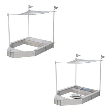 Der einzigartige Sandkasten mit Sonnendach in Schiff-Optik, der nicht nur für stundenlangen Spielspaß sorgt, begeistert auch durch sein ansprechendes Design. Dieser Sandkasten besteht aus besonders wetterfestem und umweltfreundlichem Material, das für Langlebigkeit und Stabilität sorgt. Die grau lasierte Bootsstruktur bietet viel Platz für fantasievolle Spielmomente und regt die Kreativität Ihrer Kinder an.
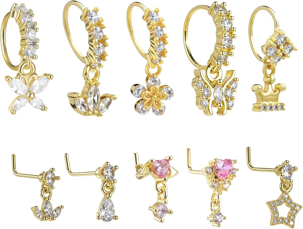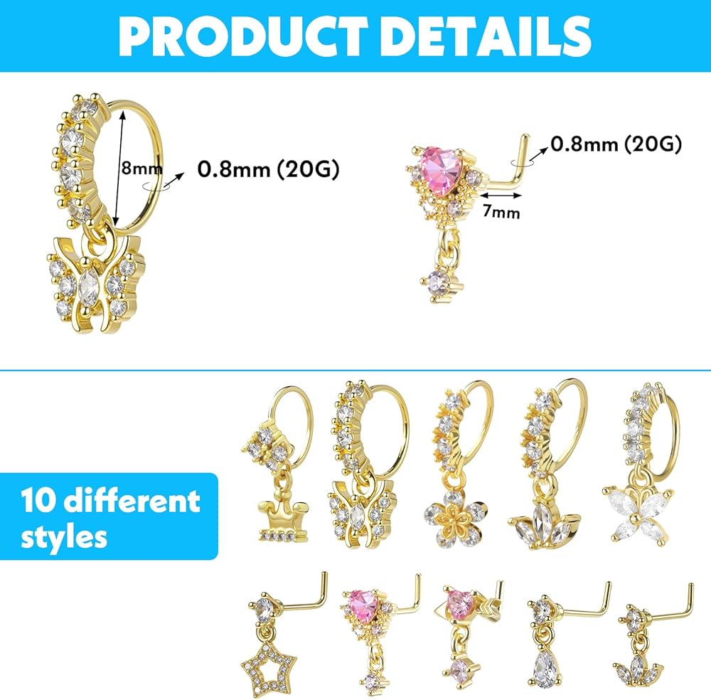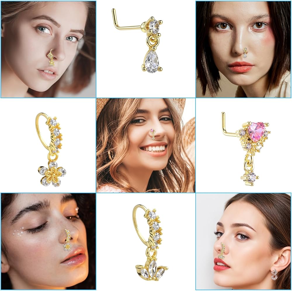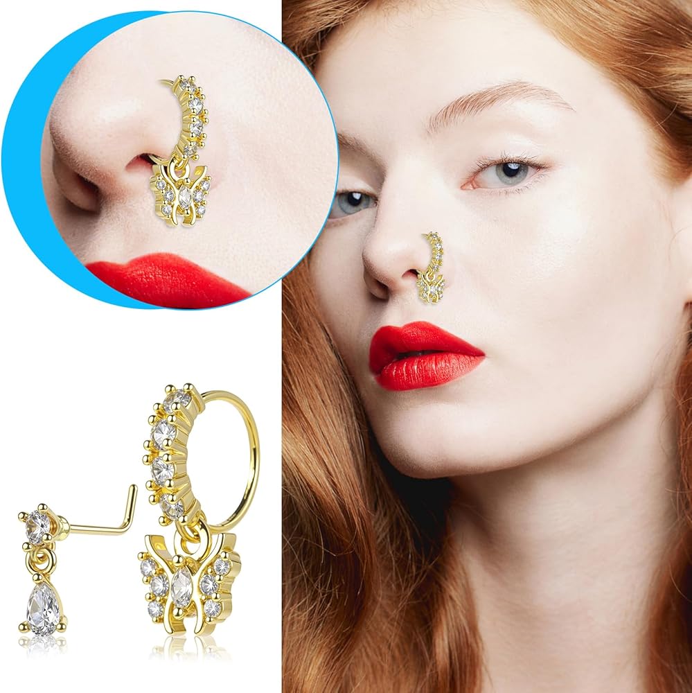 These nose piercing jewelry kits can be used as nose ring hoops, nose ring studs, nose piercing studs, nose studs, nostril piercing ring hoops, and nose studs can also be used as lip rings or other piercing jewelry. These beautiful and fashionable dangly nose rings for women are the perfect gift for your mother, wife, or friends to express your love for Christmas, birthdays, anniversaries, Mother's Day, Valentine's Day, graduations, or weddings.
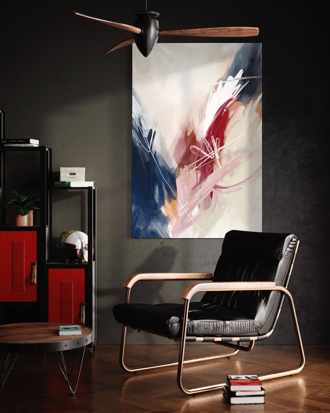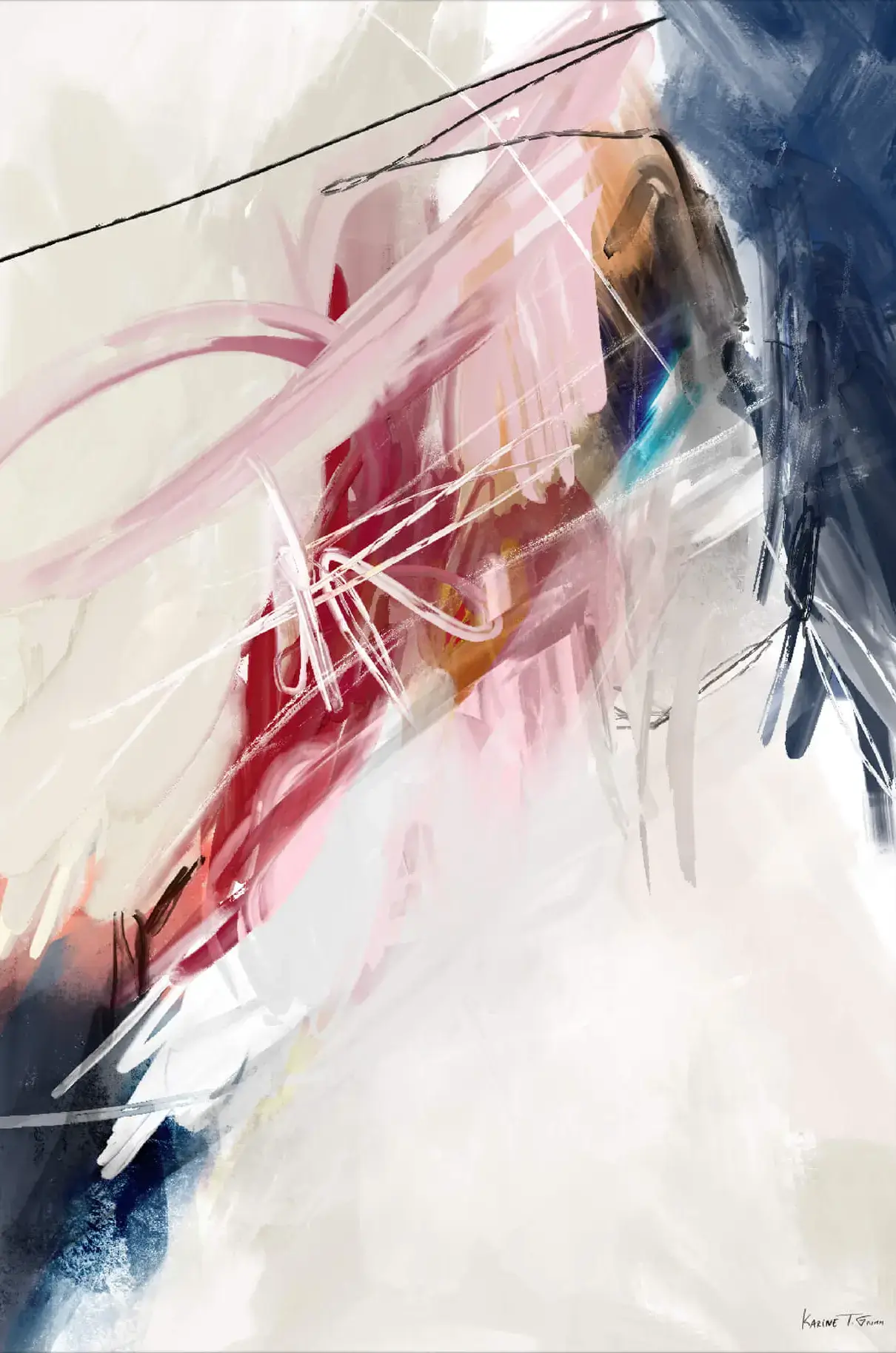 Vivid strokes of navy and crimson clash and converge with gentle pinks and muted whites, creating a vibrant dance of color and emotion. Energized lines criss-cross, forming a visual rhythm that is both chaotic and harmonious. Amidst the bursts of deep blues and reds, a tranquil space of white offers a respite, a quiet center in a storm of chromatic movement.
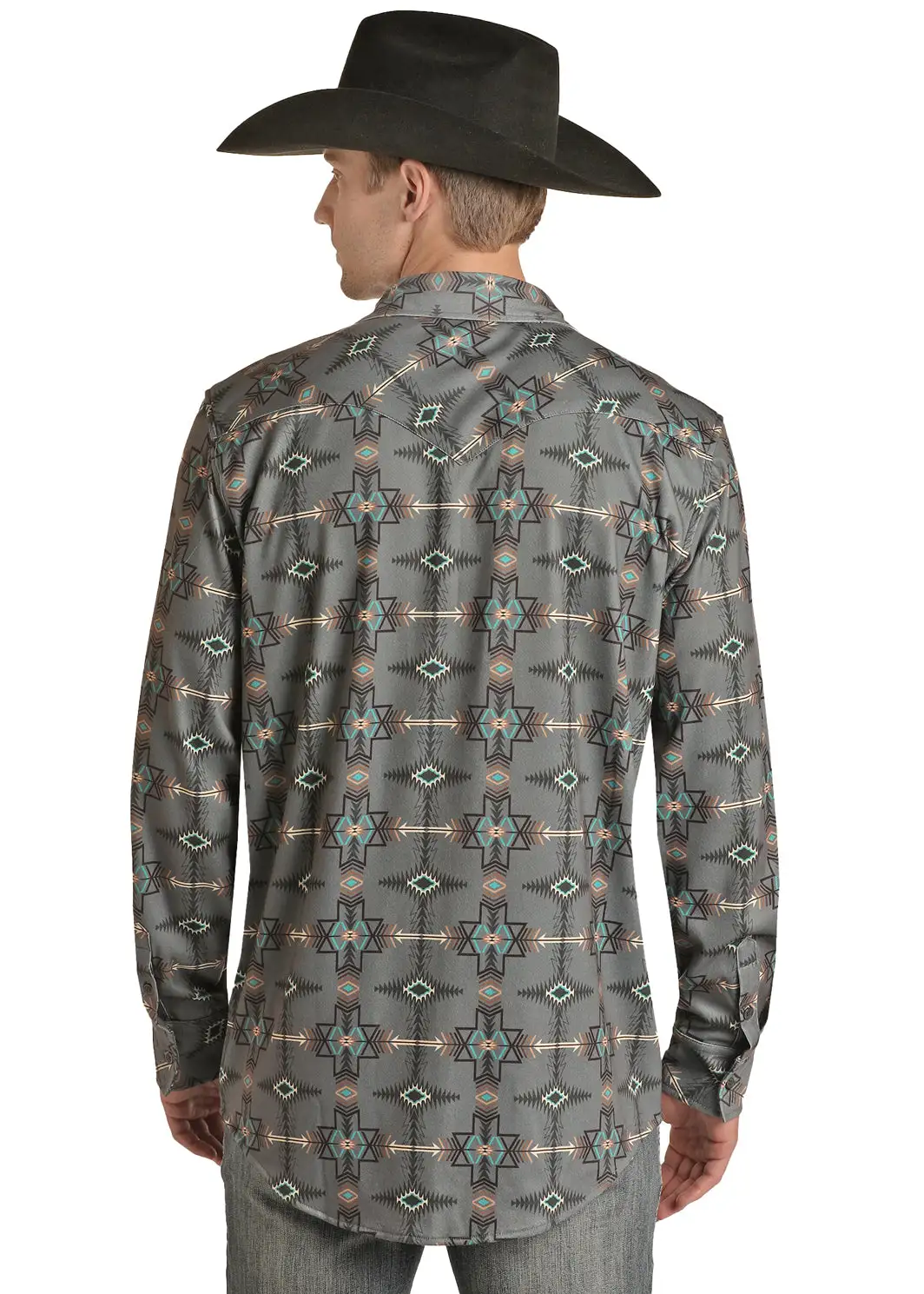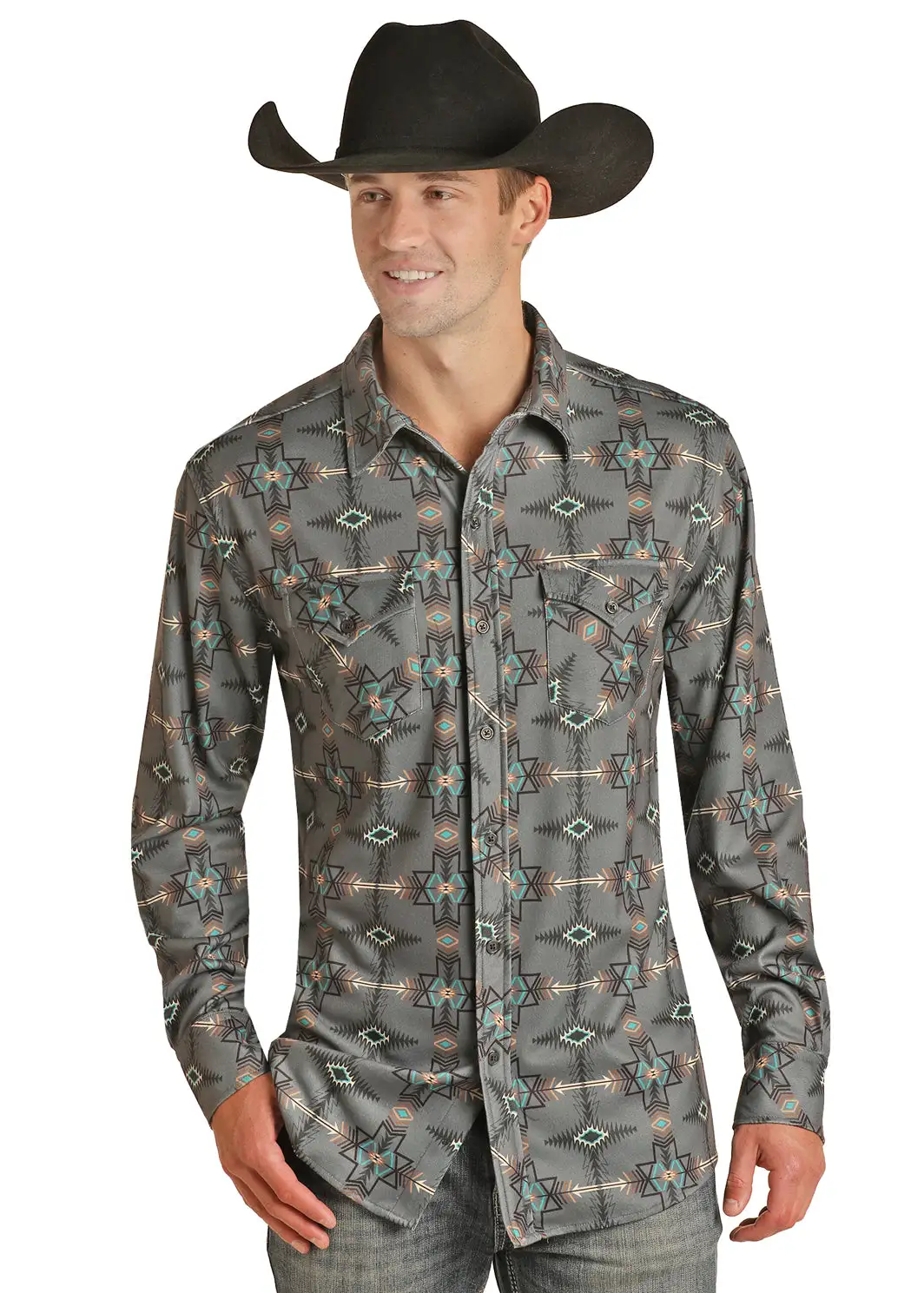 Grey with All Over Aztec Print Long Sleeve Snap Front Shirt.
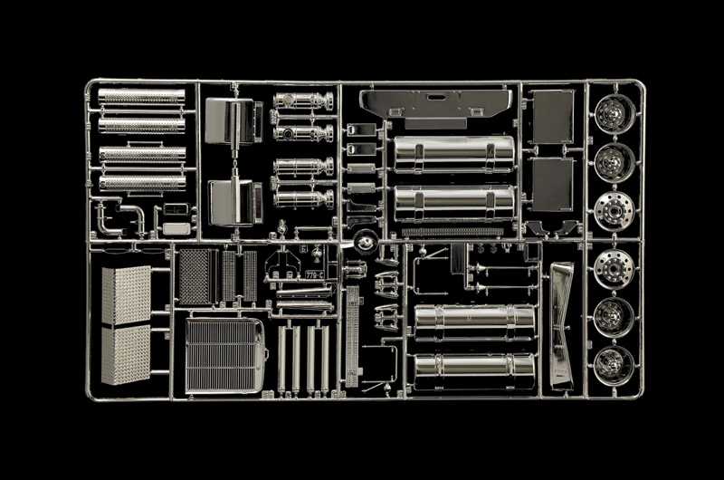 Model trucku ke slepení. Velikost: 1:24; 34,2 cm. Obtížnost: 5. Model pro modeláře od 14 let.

○ ○ ○ ○

| Try it |
Copy out the whole listing word for word, except for any picture it includes.

| Exercise answer |
 Der einzigartige Sandkasten mit Sonnendach in Schiff-Optik, der nicht nur für stundenlangen Spielspaß sorgt, begeistert auch durch sein ansprechendes Design. Dieser Sandkasten besteht aus besonders wetterfestem und umweltfreundlichem Material, das für Langlebigkeit und Stabilität sorgt. Die grau lasierte Bootsstruktur bietet viel Platz für fantasievolle Spielmomente und regt die Kreativität Ihrer Kinder an.
 These nose piercing jewelry kits can be used as nose ring hoops, nose ring studs, nose piercing studs, nose studs, nostril piercing ring hoops, and nose studs can also be used as lip rings or other piercing jewelry. These beautiful and fashionable dangly nose rings for women are the perfect gift for your mother, wife, or friends to express your love for Christmas, birthdays, anniversaries, Mother's Day, Valentine's Day, graduations, or weddings.
 Vivid strokes of navy and crimson clash and converge with gentle pinks and muted whites, creating a vibrant dance of color and emotion. Energized lines criss-cross, forming a visual rhythm that is both chaotic and harmonious. Amidst the bursts of deep blues and reds, a tranquil space of white offers a respite, a quiet center in a storm of chromatic movement.
 Grey with All Over Aztec Print Long Sleeve Snap Front Shirt.
 Model trucku ke slepení. Velikost: 1:24; 34,2 cm. Obtížnost: 5. Model pro modeláře od 14 let.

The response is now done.